(INFORMATION PROVIDED)

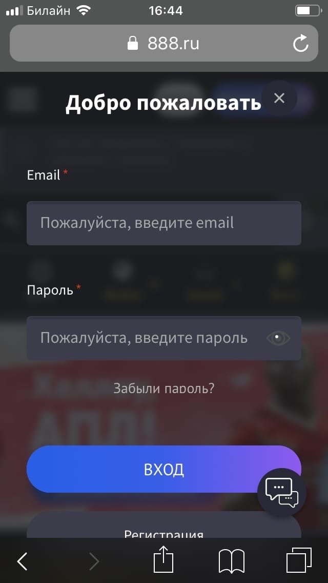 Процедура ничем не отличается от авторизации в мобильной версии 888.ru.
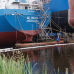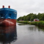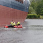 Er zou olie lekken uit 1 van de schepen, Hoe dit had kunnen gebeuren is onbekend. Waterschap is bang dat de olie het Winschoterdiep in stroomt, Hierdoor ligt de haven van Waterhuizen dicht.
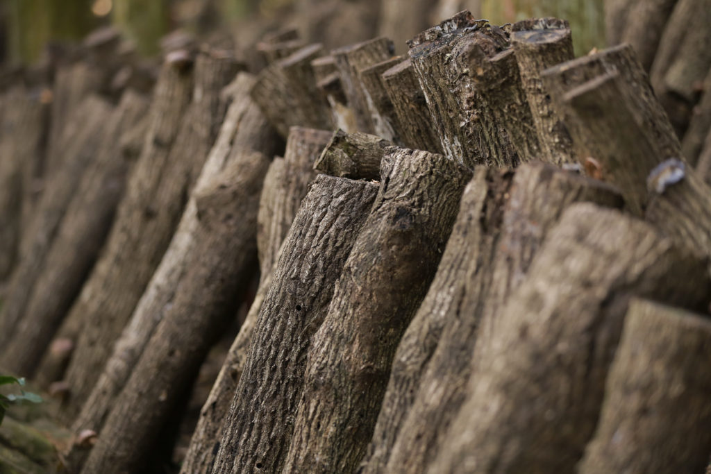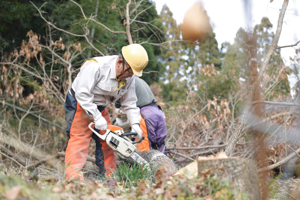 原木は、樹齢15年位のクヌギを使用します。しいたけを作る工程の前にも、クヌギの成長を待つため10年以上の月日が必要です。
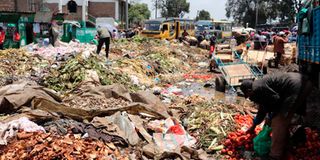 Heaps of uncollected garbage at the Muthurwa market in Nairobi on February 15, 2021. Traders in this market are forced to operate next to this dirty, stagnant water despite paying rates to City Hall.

(End INFORMATION PROVIDED)

# AIM OF THE EXERCISE
Print the entire listing above verbatim. No picture should be included.

# ANSWER SPACE
 Процедура ничем не отличается от авторизации в мобильной версии 888.ru.
 Er zou olie lekken uit 1 van de schepen, Hoe dit had kunnen gebeuren is onbekend. Waterschap is bang dat de olie het Winschoterdiep in stroomt, Hierdoor ligt de haven van Waterhuizen dicht.
 原木は、樹齢15年位のクヌギを使用します。しいたけを作る工程の前にも、クヌギの成長を待つため10年以上の月日が必要です。
 Heaps of uncollected garbage at the Muthurwa market in Nairobi on February 15, 2021. Traders in this market are forced to operate next to this dirty, stagnant water despite paying rates to City Hall.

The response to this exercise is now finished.